Parents warned of children's cell phone use as 19 would-be sex predators arrested in sting operation
Operation H.O.O.K. officers arrested Mark McGill Jr, a US Forest Service employee, who came with the intent to have sex with a minor girl
FRESNO, CALIFORNIA: A sting operation carried out by the authorities in Fresno has sent 19 suspects behind the bars in a major crackdown against would-be sexual predators. The officers held these men in custody after they attempted to meet with children for sex, claims authorities with Operation H.O.O.K., an acronym for Hands Off Our Kids. It is now revealed that some of the detectives had posed as minors for hours on a number of different online chat rooms and apps.
“All of the suspects were first to express their sexual desires, and they initiated a time to meet with a detective posing as a child,” said Fresno County Sheriff, Margaret Mims. Mims also claimed that the detectives had clearly mentioned their fake ages, and some even posed as 12 year olds, yet the suspects wished to meet them for sex. The entire operation was orchestrated with the help of local, state, and federal law enforcement agencies.

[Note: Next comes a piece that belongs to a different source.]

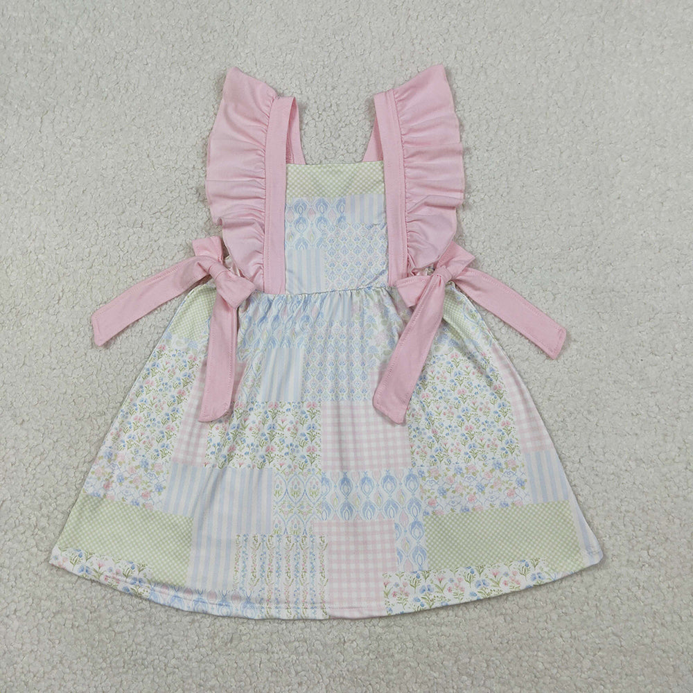 GSD3249 Small Flowers Plaid Print Girls Summer Knee Length Dress

Fresno County District Attorney, Lisa Smittcamp said in a statement, “The greatest evil and the greatest threat to children is the cell phone. This is how children are exploited, how they are violated, and how these predators get access to our children.”
The Operation H.O.O.K. officers have arrested Mark McGill Jr, 38, a US Forest Service employee, who had come up to the meeting spot in a department fire engine with the intent to have sex with a minor girl, as the authorities claim. However, he was able to bond out after posting $30,000 bail. Out of the 19, 12 other suspects have also bonded out, reported Fox 19.
“I want to remind parents that the suspects in these cases may not fit a certain stereotype or profile that you have in mind,” Mims stated. She also pointed out that they were able to grab 19 of them, but thousands of sexual perpetrators still walk among us preying on vulnerable children. “A potential danger of being online more often is having an encounter with a sexual predator who is seeking a relationship with a child,” she added, as per the report.
Being aware of what children are doing is crucial for parents, especially as more of them have access to technological devices and the internet.